++++ DATA PROVIDED
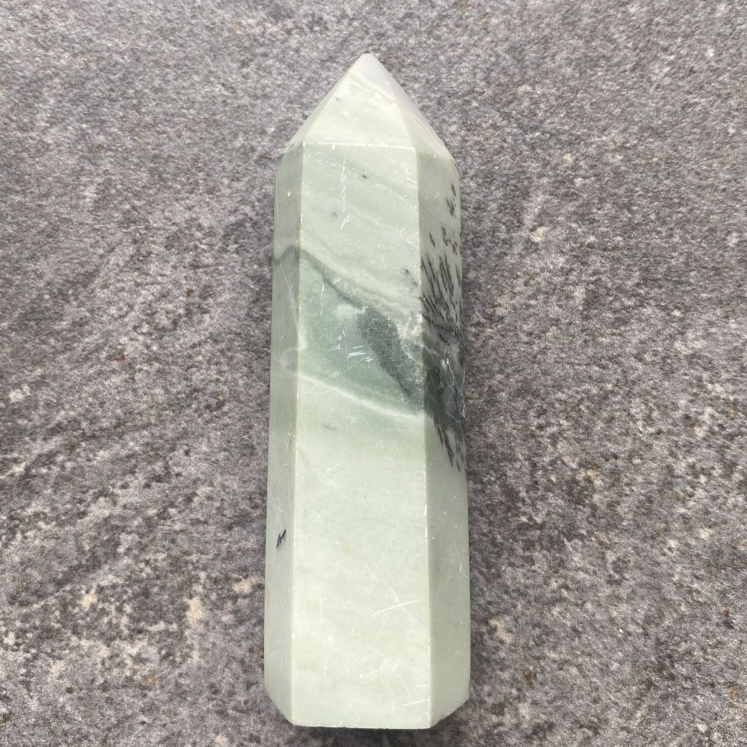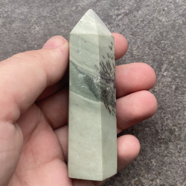 Dendriet Sage Jasper heeft een zacht groen tot grijsgroen basiskleur, vaak met tinten beige, crème, bruin of olijfgroen. Het meest kenmerkend zijn de dendriet- of mosachtige patronen die eruitzien als takjes, worteltjes of varenachtige insluitsels. Deze tekening ontstaat door natuurlijke mineralen zoals mangaan of ijzer die zich door het gesteente verspreiden.
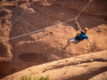 Zipline Moab! Experience six exhilarating zip lines in this 2.5-hour Raven's Rim Moab zipline tour that begins with a rugged 4x4 off-road ride to the cliff faces overlooking Moab. Zip across six steel cables over sheer sandstone cliffs and canyons. Zip to a 100-foot suspension bridge where you'll traverse the gap of two sandstone fins. See the 13,000-foot La Sal Mountains in the distance, and more from your perch on Raven's Rim. Book this popular Moab Adventure Center zipline tour for an adventure of a lifetime!
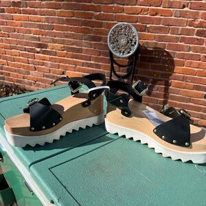 Stunning Stella McCartney Elyse wedge platform sandals. Never been worn, with tags attached. Open square toe
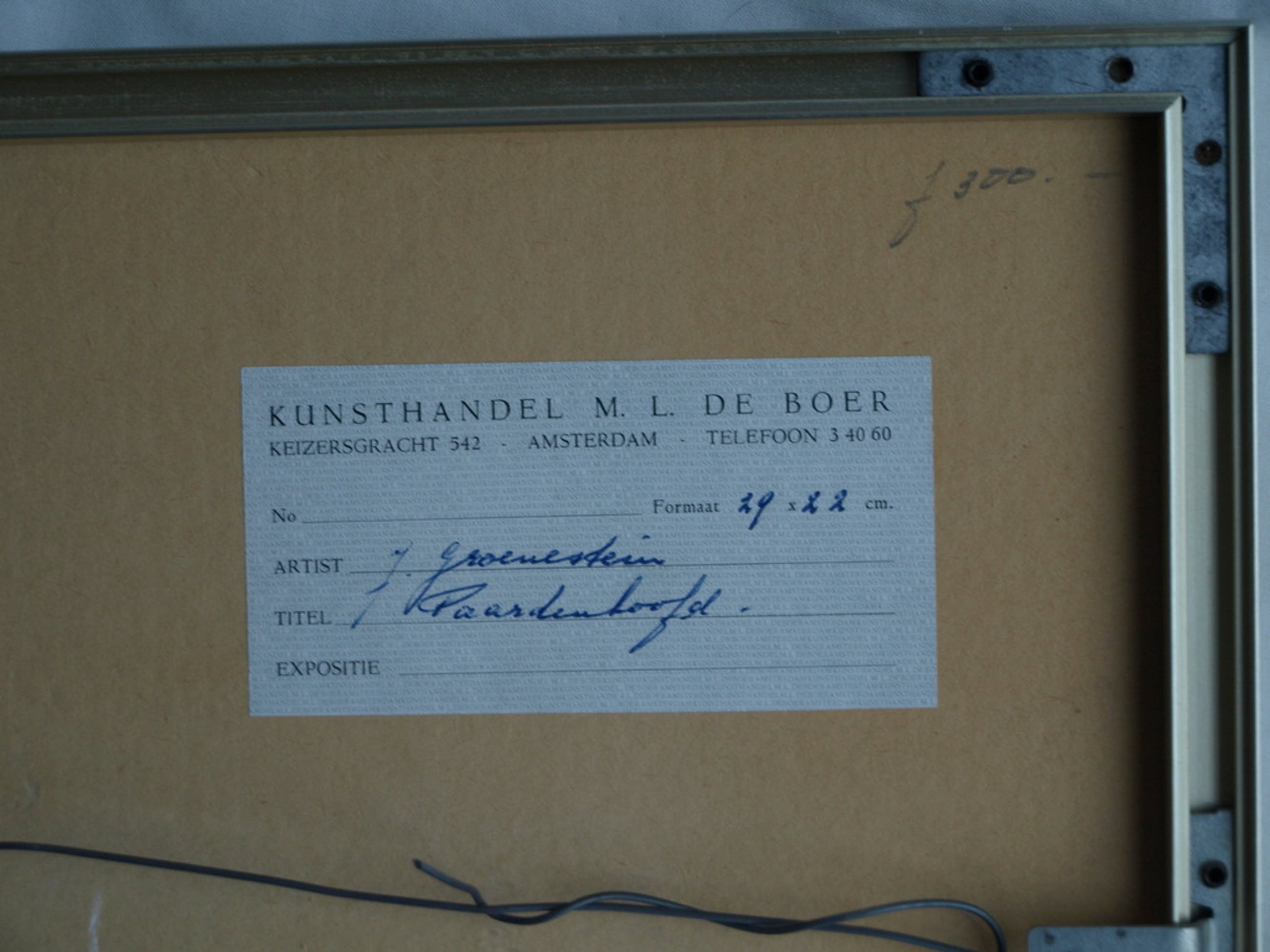 Gesigneerd en ingelijst in een aluminium lijst met passe-partout en glasplaat. Op de achterkant zit een papier van Kunsthandel M.L. de Boer, Keizersgracht Amsterdam met de vermelding van de naam van de kunstenaar en de titel van dit werk. Ook staat daar de oorspronkelijke galerieprijs vermeld: Fl 300,-.
++++++++
• WORK REQUIRED: Please print the data above once more, exactly and without images.

• RESPONSE TO THE TASK:
 Dendriet Sage Jasper heeft een zacht groen tot grijsgroen basiskleur, vaak met tinten beige, crème, bruin of olijfgroen. Het meest kenmerkend zijn de dendriet- of mosachtige patronen die eruitzien als takjes, worteltjes of varenachtige insluitsels. Deze tekening ontstaat door natuurlijke mineralen zoals mangaan of ijzer die zich door het gesteente verspreiden.
 Zipline Moab! Experience six exhilarating zip lines in this 2.5-hour Raven's Rim Moab zipline tour that begins with a rugged 4x4 off-road ride to the cliff faces overlooking Moab. Zip across six steel cables over sheer sandstone cliffs and canyons. Zip to a 100-foot suspension bridge where you'll traverse the gap of two sandstone fins. See the 13,000-foot La Sal Mountains in the distance, and more from your perch on Raven's Rim. Book this popular Moab Adventure Center zipline tour for an adventure of a lifetime!
 Stunning Stella McCartney Elyse wedge platform sandals. Never been worn, with tags attached. Open square toe
 Gesigneerd en ingelijst in een aluminium lijst met passe-partout en glasplaat. Op de achterkant zit een papier van Kunsthandel M.L. de Boer, Keizersgracht Amsterdam met de vermelding van de naam van de kunstenaar en de titel van dit werk. Ook staat daar de oorspronkelijke galerieprijs vermeld: Fl 300,-.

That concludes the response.